__Records__.

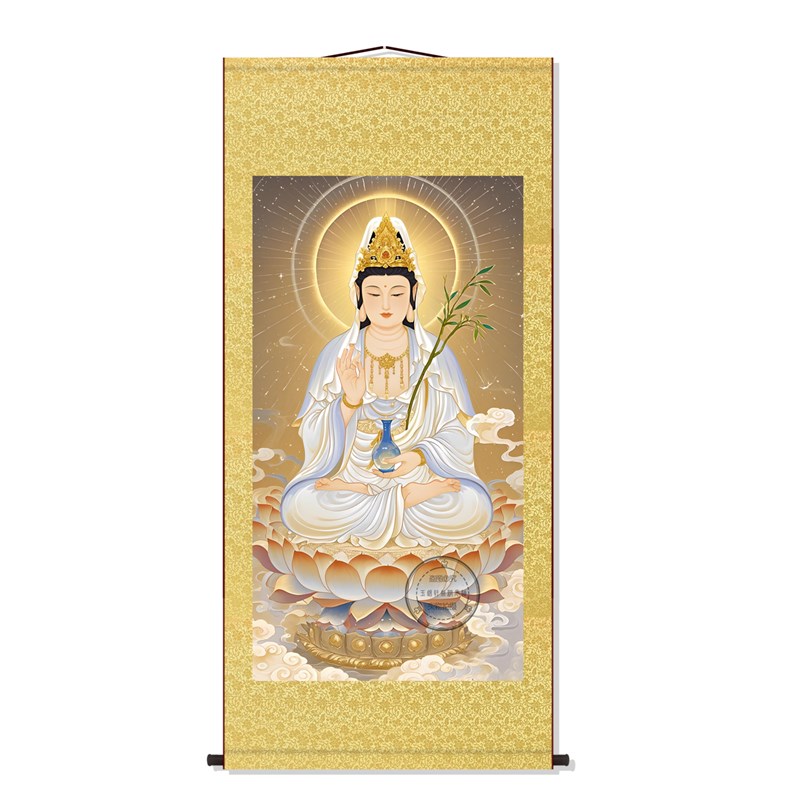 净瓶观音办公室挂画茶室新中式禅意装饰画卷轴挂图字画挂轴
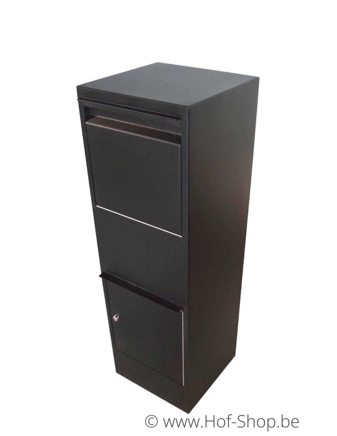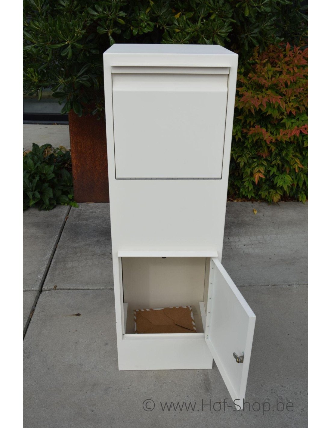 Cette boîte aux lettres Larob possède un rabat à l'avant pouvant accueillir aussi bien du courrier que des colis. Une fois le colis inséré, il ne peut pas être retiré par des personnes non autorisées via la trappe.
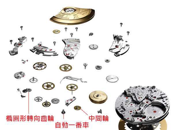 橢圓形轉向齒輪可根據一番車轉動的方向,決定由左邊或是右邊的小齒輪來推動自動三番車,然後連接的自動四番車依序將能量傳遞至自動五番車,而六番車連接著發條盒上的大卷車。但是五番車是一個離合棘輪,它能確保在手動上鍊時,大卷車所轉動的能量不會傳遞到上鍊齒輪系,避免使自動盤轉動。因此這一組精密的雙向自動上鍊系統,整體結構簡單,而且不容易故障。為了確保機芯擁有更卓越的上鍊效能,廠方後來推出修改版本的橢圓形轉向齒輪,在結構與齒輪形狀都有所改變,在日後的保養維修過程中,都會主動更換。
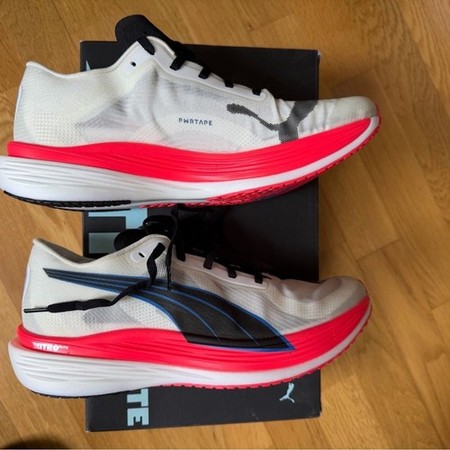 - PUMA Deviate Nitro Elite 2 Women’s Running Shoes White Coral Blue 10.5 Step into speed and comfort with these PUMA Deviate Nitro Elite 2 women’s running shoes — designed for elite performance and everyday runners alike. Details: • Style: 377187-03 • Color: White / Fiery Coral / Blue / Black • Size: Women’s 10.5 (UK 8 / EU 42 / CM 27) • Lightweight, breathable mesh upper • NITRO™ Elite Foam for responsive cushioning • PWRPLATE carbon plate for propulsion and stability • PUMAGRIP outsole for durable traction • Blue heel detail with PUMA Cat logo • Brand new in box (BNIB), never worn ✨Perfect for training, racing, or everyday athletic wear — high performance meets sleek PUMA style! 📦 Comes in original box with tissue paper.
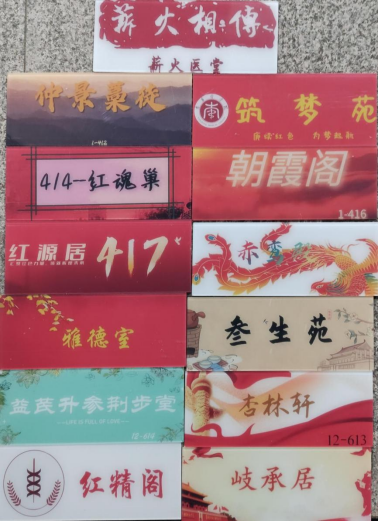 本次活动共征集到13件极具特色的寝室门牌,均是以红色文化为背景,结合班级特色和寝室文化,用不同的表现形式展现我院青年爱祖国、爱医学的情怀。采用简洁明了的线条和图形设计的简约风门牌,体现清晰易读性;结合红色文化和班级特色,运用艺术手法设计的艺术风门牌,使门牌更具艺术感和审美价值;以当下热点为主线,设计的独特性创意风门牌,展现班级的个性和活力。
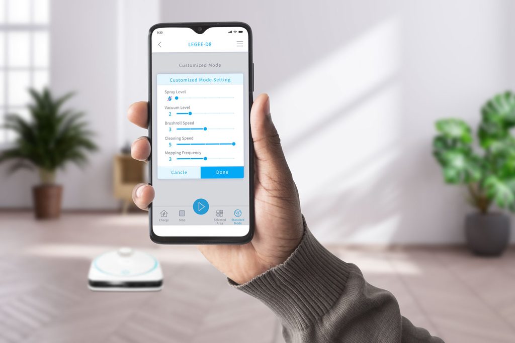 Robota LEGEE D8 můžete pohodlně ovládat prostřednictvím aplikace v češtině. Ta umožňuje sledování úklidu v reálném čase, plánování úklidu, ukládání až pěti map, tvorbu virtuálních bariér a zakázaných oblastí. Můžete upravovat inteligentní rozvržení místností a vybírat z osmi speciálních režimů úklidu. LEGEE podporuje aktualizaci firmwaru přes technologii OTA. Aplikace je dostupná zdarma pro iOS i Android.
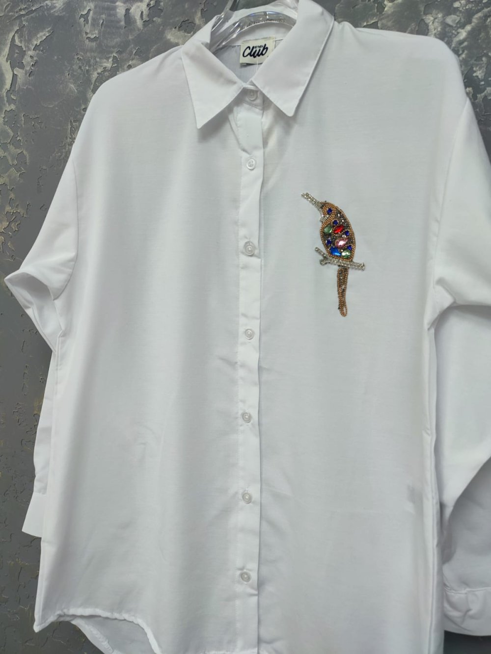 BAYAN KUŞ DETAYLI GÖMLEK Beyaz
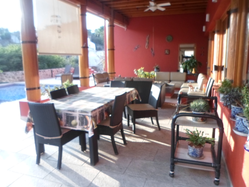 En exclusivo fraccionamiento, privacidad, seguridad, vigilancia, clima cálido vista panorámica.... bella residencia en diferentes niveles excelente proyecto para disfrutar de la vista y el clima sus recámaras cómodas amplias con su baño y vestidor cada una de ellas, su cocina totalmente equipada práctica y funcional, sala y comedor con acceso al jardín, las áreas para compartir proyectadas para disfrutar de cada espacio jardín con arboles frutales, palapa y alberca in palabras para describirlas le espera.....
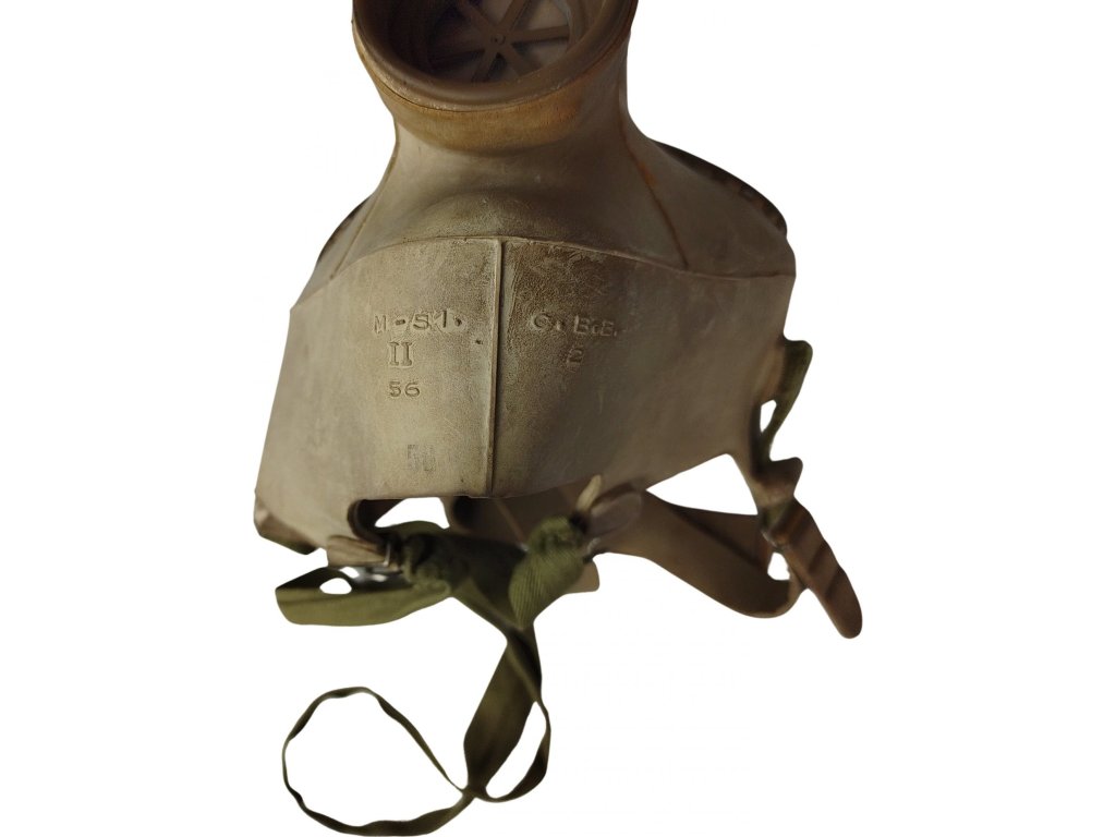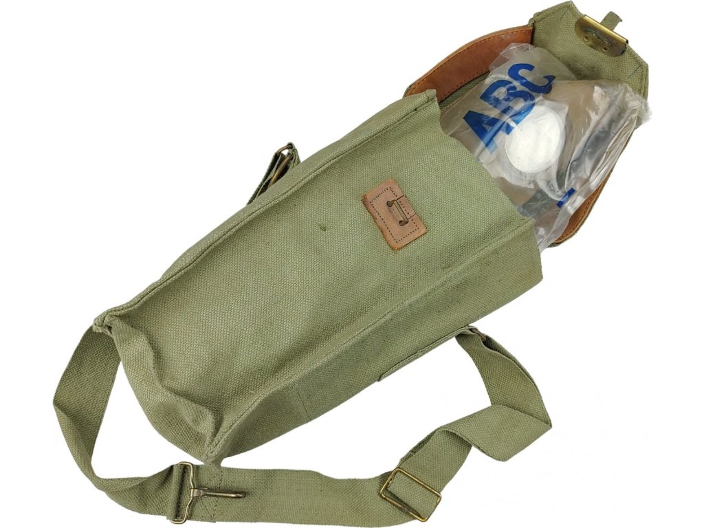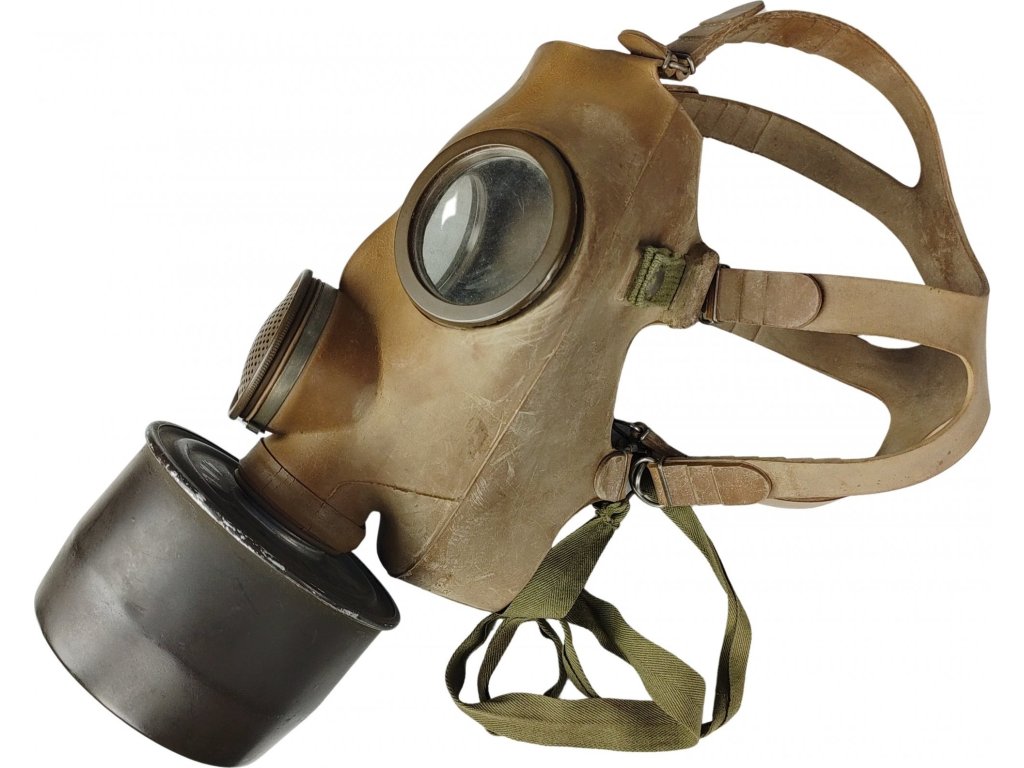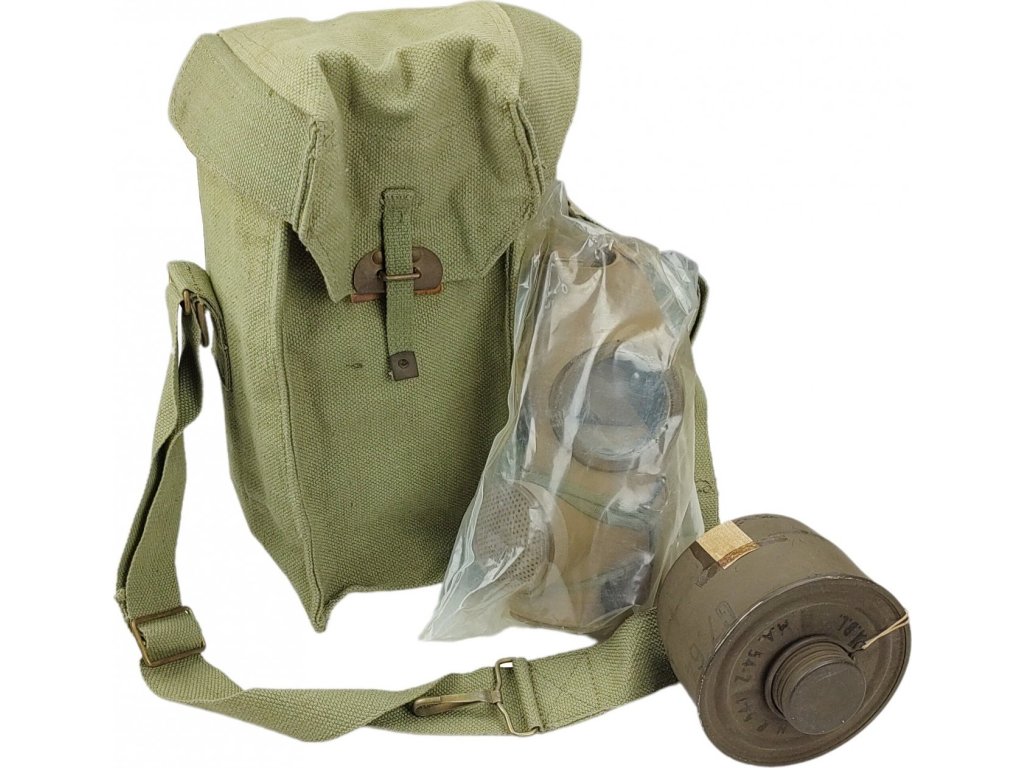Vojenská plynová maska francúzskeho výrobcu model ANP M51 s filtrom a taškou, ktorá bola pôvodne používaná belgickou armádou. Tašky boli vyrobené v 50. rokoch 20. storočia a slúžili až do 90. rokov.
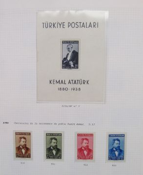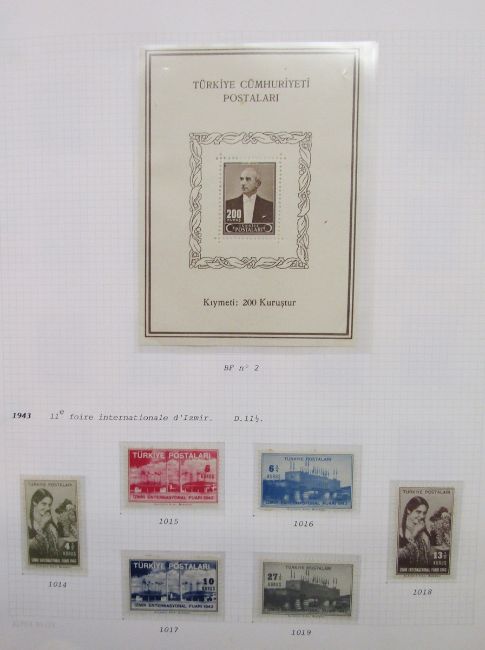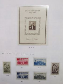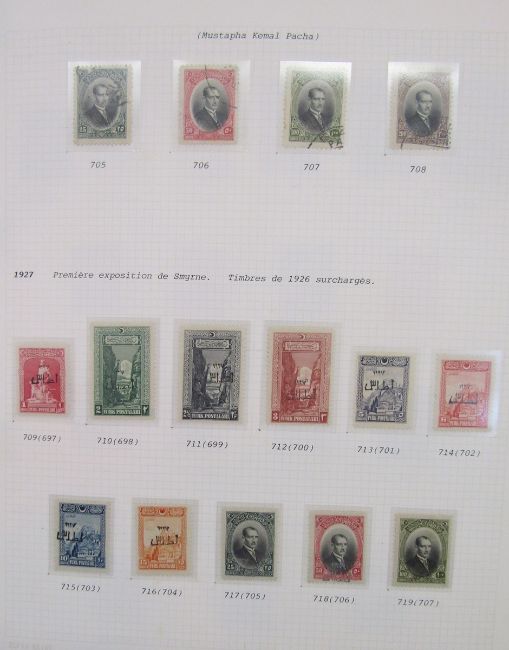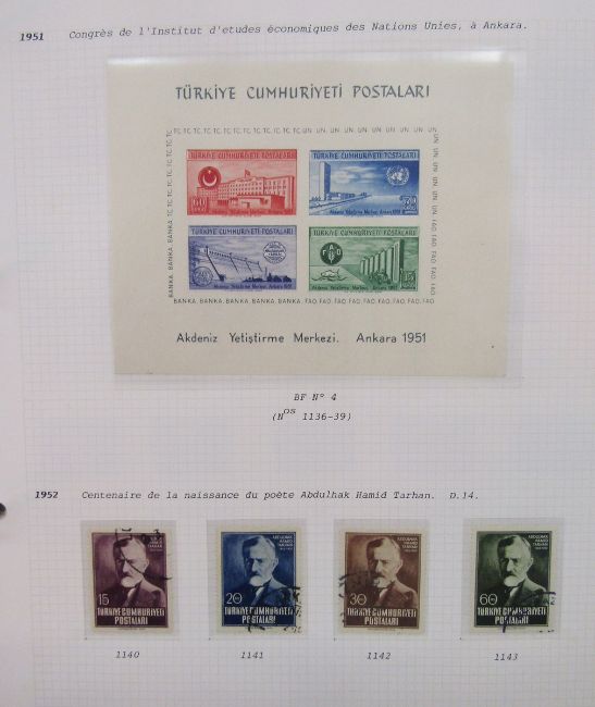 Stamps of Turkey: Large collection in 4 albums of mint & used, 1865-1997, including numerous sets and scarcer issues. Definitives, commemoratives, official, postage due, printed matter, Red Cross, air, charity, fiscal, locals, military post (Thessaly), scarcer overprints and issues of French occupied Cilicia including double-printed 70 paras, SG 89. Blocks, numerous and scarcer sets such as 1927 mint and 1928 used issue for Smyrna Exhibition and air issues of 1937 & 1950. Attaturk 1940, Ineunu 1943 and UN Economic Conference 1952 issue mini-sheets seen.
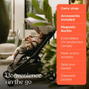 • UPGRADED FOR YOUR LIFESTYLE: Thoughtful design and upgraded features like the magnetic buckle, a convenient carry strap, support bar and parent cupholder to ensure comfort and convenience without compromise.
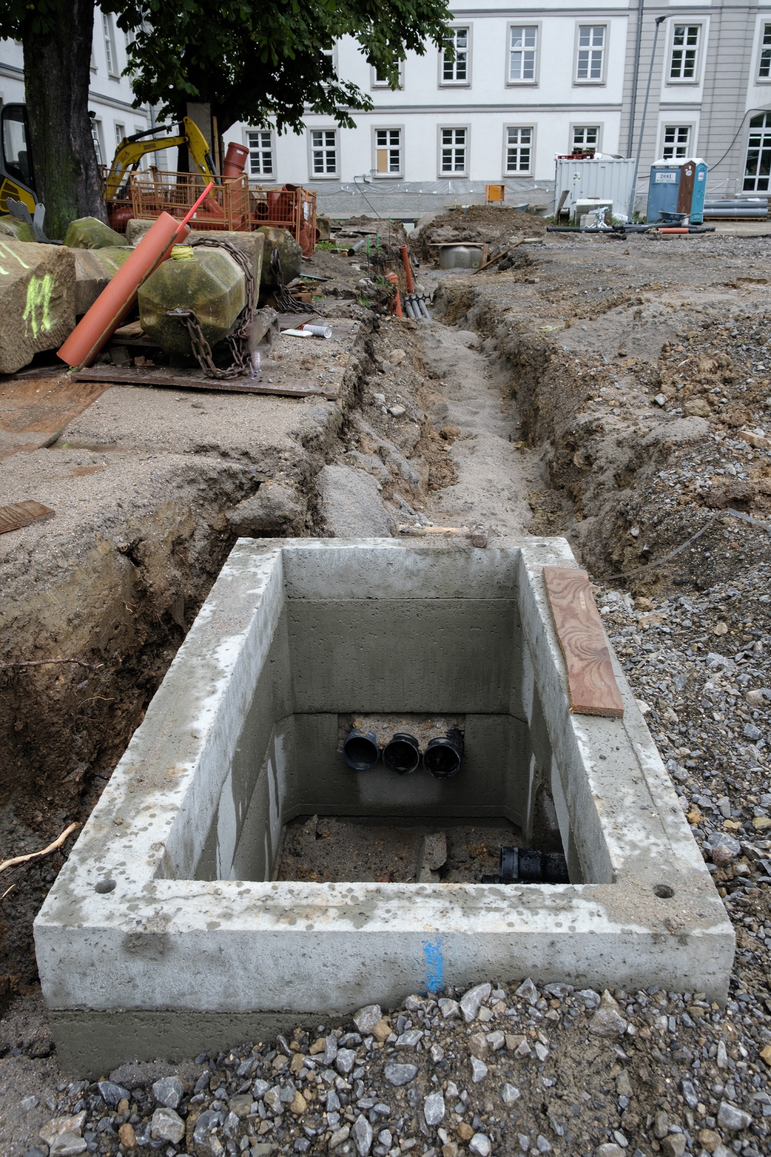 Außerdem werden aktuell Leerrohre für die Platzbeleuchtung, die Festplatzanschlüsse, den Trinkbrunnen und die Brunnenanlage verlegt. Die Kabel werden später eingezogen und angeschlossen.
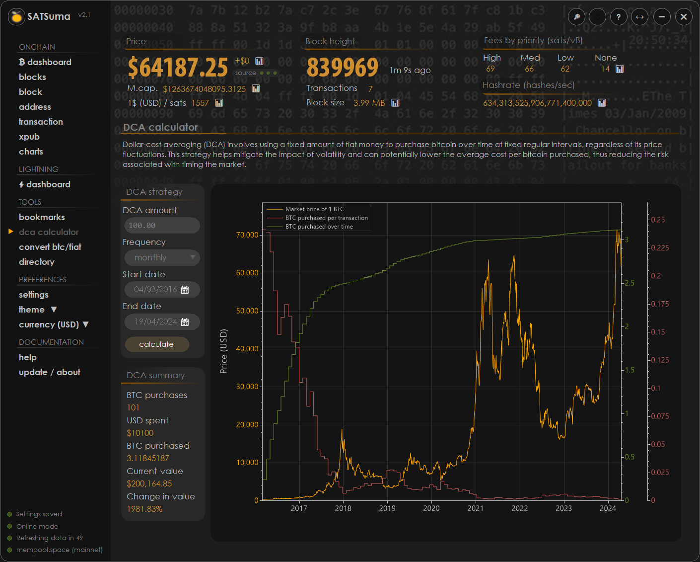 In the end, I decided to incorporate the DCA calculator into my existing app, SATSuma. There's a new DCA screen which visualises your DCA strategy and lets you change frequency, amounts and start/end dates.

__Requirement__.
Leaving every picture out, return the lines from the one containing "Stamps of Turkey: Large" through the last line of the records exactly.

__Response below__.
 Stamps of Turkey: Large collection in 4 albums of mint & used, 1865-1997, including numerous sets and scarcer issues. Definitives, commemoratives, official, postage due, printed matter, Red Cross, air, charity, fiscal, locals, military post (Thessaly), scarcer overprints and issues of French occupied Cilicia including double-printed 70 paras, SG 89. Blocks, numerous and scarcer sets such as 1927 mint and 1928 used issue for Smyrna Exhibition and air issues of 1937 & 1950. Attaturk 1940, Ineunu 1943 and UN Economic Conference 1952 issue mini-sheets seen.
 • UPGRADED FOR YOUR LIFESTYLE: Thoughtful design and upgraded features like the magnetic buckle, a convenient carry strap, support bar and parent cupholder to ensure comfort and convenience without compromise.
 Außerdem werden aktuell Leerrohre für die Platzbeleuchtung, die Festplatzanschlüsse, den Trinkbrunnen und die Brunnenanlage verlegt. Die Kabel werden später eingezogen und angeschlossen.
 In the end, I decided to incorporate the DCA calculator into my existing app, SATSuma. There's a new DCA screen which visualises your DCA strategy and lets you change frequency, amounts and start/end dates.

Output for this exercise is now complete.